6th Captain-Donatário of São Miguel
- In office 1601–1617
- Monarchs: Philip I of Portugal; Philip II of Portugal;
- Preceded by: Rui Gonçalves da Câmara III
- Succeeded by: Rodrigo da Câmara
- Constituency: São Miguel

Personal details
- Born: Rui Gonçalves da Câmara 1570
- Died: 1617 (aged 46–47) Ponta Delgada
- Resting place: Ponta Delgada
- Citizenship: Kingdom of Portugal

= Manuel da Câmara II =

Portuguese politician

Manuel Luís Baltazar da Câmara (c. 1570 – April 1617), member of the dynastic Gonçalves da Câmara family, was son of Rui Gonçalves da Câmara III, and succeeded him as the 6th Donatary Captain of the island of São Miguel.

==Biography==
===Donatário===
Following the death of his father, by royal decree (25 October 1601), he was made 2nd Count of Vila Franca, assuming at that time the captaincy of the island.

He was married to D. Leonor de Vilhena, daughter of D. Fradique Henriques, King Philip's chief steward.

The new captain lived a great part of his life in the captaincy, and was recognized for the stability and security of his government, something that was lacking in his father and grandfather's administration.

The most prominent occurrence of his regime occurred in 1616, when the neighbouring island of Santa Maria was attacked by Barbary coast pirates, Vila do Porto completely sacked and its inhabitants sold into slavery in Northern Africa.
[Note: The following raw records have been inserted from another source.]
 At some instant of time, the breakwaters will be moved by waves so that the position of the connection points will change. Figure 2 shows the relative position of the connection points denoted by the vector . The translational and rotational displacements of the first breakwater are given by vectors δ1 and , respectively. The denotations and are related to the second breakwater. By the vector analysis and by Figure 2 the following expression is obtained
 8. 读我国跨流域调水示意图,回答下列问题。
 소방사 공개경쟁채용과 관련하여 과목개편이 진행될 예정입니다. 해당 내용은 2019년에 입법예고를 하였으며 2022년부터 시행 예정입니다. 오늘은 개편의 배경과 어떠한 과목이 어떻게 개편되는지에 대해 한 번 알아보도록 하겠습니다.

This episode gave origin to the Confraria dos Escravos da Cadeinha (the brotherhood of the slaves of Cadeinha). D. Manuel attempted to alleviate the concern of Marienses, even as little was accomplished by the national administration to relieve their suffering.
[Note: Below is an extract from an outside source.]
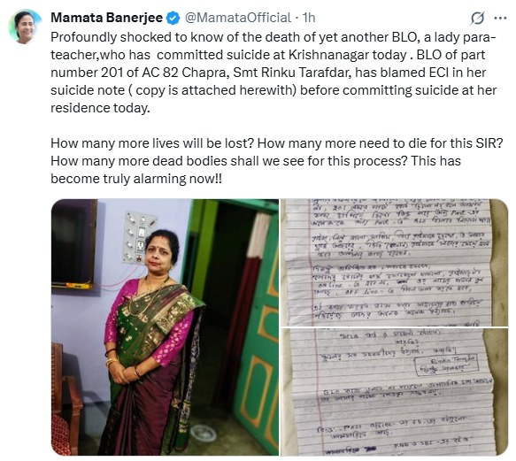 SIR আতঙ্কে ফের এক মহিলার অস্বাভাবিক মৃত্যু। এ বার নদিয়ার কৃষ্ণনগরে আত্মঘাতী হলেন এক বুথ লেভেল অফিসার (বিএলও)। মৃত ওই বিএলও-র নাম রিঙ্কু তরফদার (৫১)। তিনি চাপ়়া বাঙালঝি স্বামী বিবেকানন্দ বিদ্যামন্দিরের পার্শ্বশিক্ষক ছিলেন। শনিবার সকালে বাড়ি থেকে তাঁর দেহ উদ্ধার করা হয়। পুলিশ সূত্রে খবর, ওই ঘর থেকে একটি সুইসাইড নোট উদ্ধার করা হয়েছে। সেখানে নিজের মৃত্যুর জন্য নির্বাচন কমিশনকে দায়ী করেছেন তিনি। কাজের অত্যাধিক চাপ সহ্য করতে না পেরে বাধ্য হয়ে এমন চরম সিদ্ধান্ত বলে ওই সুইসাইড নোটে লিখে রেখেছেন তিনি। এই নিয়ে সমাজ মাধ্যমে সরব হয়েছেন মুখ্যমন্ত্রী। মৃত বিএলও’র ছবি ও চিঠি পোস্ট করে মমতা বন্দ্যোপাধ্যায় প্রশ্ন তুলেছেন,”আর কত মানুষের প্রাণ যাবে? SIR এর জন্য আর কতজনকে মরতে হবে? এই প্রক্রিয়ায় আর কত শবদেহ আমরা দেখব?”

Câmara's administration was characterized by a reorganization of the territory and by slow progress in the administration of civil and eccelisastical courts. This was a period of integration of church and state, when many of the public works were associated with the Baroque period starting with first religious projects, such as the Misericórdia and the Franciscan Convent of Ribeira Grande, and in Ponta Delgada, the Jesuit College, Convent of São João and Convent of Graça. In Terceira, following the 1614 earthquake, which caused the death of 200 people and destruction of 1600 homes and 24 churches, there were also several initiatives to recuperate and reestablish normalcy.

===Later life===
In April 1617, Manuel II died, and was succeeded by his son in the position of, ultimately, last Count of Vila Franca.